Theo había hablado con sus padres y con los vecinos de éstos, pero ninguno parecía tener información importante sobre su futura muerte. Al fin tomó en Cointrin un 7117 de la Olympic Airlines de vuelta al aeropuerto internacional de Ginebra. Franco della Robbia lo había acercado al aeropuerto cuando se marchó, pero ahora Theo decidió coger un taxi (treinta francos suizos) que lo llevara al campus. Como no les habían dado de comer en el avión, decidió ir directamente a la cafetería del centro de control del LHC para tomar algo. Cuando entró, divisó para su sorpresa a Michiko Komura sentada sola, en una mesa al fondo. Se sirvió una botella pequeña de zumo de naranja y salchichas longeole y se dirigió hacia ella, dejando atrás algunos grupos de físicos comiendo y discutiendo posibles teorías que explicaran el salto al futuro; suponía que lo último que querría Michiko sería pensar en el acontecimiento que había causado la muerte de su hija.

—Hola, Michiko.

Ella levantó la mirada.

—Oh, hola, Theo. Bienvenido a casa.

—Gracias. ¿Te importa si me siento?

Michiko señaló una silla frente a ella con la mano.

—¿Qué tal el viaje?

—No descubrí mucho. —Pensó en no decir nada más, pero bueno, ella había preguntado—. Mi hermano Dimitrios dice que las visiones arruinaron su sueño. Quiere ser un gran escritor, pero no parece que vaya a conseguirlo.

—Qué triste.

—¿Qué tal estás tú? ¿Cómo te encuentras?

Michiko abrió un poco los brazos, como si no hubiera fácil respuesta.

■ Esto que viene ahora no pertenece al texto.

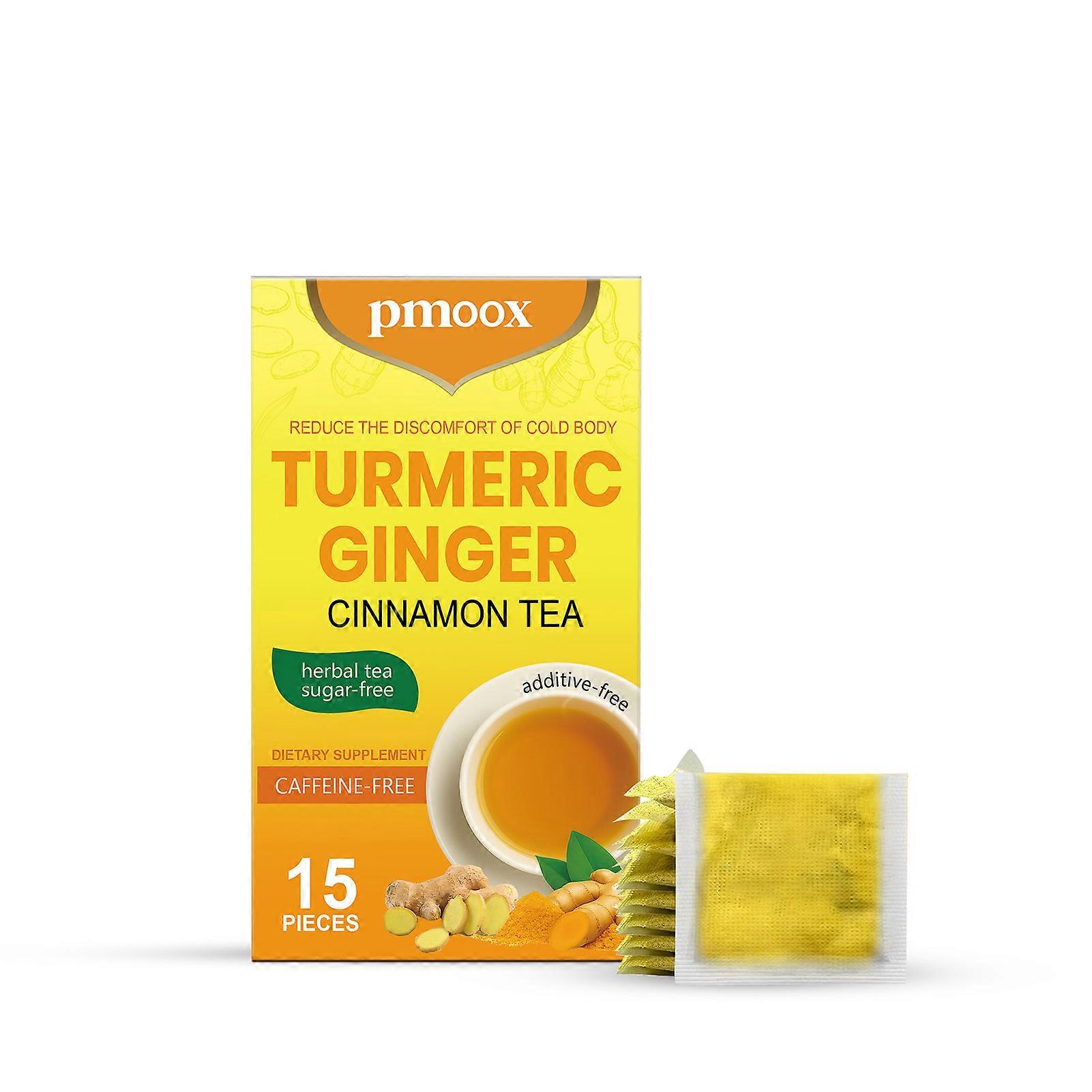 Features: Supports Digestive Health: Aid in promoting health digestion and gut comfort. Boosts Immune System: Contributes to a strong-er and more resilient immune response. Naturally Sweet & Spicy: A harmonious blends of earthy turmeric with sweet-spicy cinnamon notes. Metabolic-Support: Cinnamon is known for its potential-benefits in supporting health metabolism. Pure & Natural: Made with quality, natural ingredients for a wholesome cup. Notice 1.Actual color may be slightly different from the image due to different light effect 2.Please allow 1-3cm deviation due to manual measurement Description: Quantity: 15pcs/bag Package List: 15pcs Tea Bags Premium Turmeric Ginger Cinnamon Tea
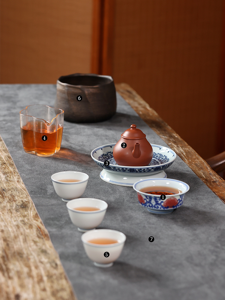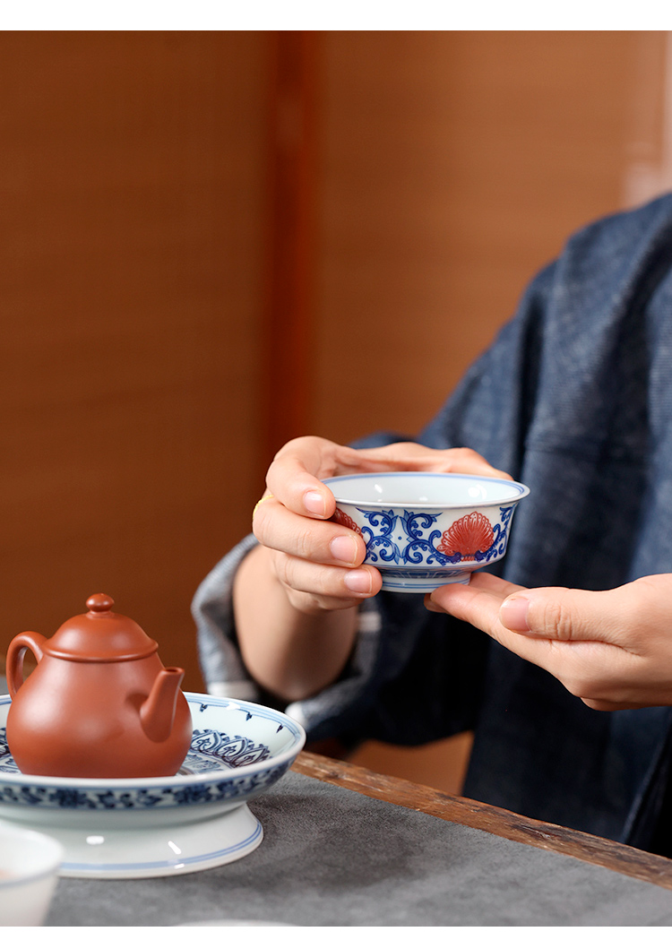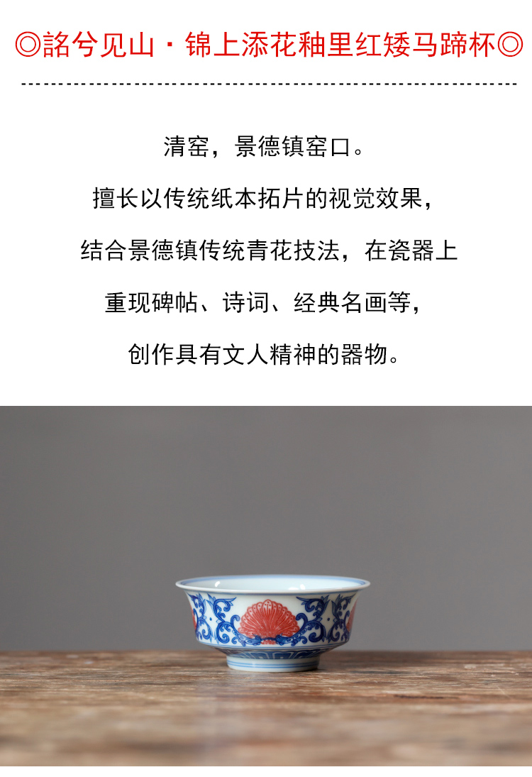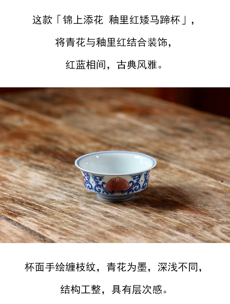 茶香记 80ml詺兮见山锦上添花釉里红矮马蹄杯青花手绘主人杯茶杯
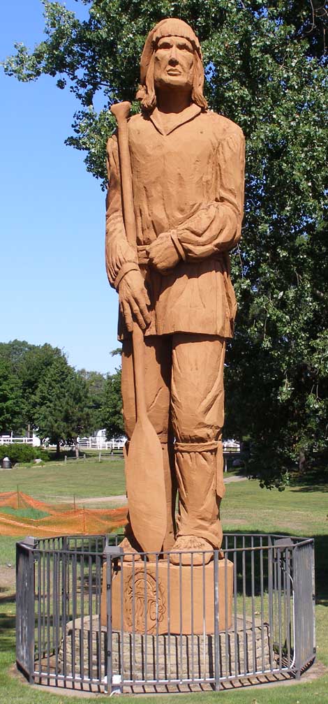 The Voyageur in Cloquet is about 20 feet tall and made of fiberglass. He was installed in Dunlap Island Park in 1976. In 2017, the statue was removed and restored by [map]. Later that year, it was installed at Park campground. [map] The Voyageur in Pine City is 35 feet tall and was carved from a California redwood in the 1970s. He is installed in Riverside Park. The statue is decorated with a Santa hat during the Christmas season. [map] |
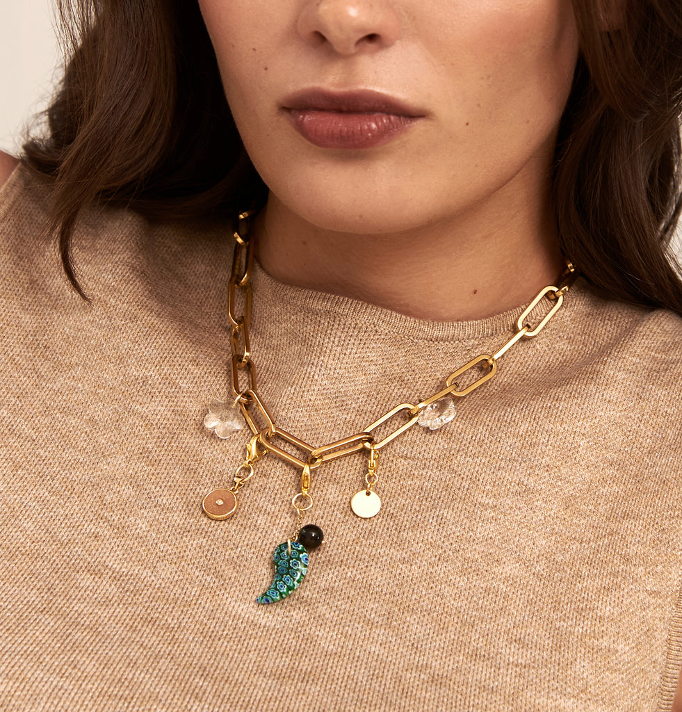 Podrás engancharlo en tus collares y pulseras de cadena con el cierre de mosquetón al eslabón de la cadena.

—Sobrevivo. Ya pasan minutos enteros sin que piense en lo que le sucedió a Tamiko.

—Lo siento mucho —dijo Theo por enésima vez. Esperó un buen rato antes de volver a hablar—. ¿Qué tal lo demás?

—Bien.

—¿Sólo bien?

Michiko comía un quiche de queso au bleu de Gex, además de tener delante una taza de té a la mitad; bebió un sorbo, ordenando sus ideas.

—No sé. Lloyd… no está convencido de seguir con la boda.

—¿De verdad? Dios mío.

Michiko miró alrededor, valorando la intimidad de la que disfrutaban: la persona más cercana se encontraba a cuatro mesas de distancia, al parecer absorta en la lectura de un tablero de datos. Lanzó un suspiro y se encogió de hombros.

—Quiero a Lloyd… y sé que él me quiere. Pero no puede soportar la posibilidad de que el matrimonio no dure.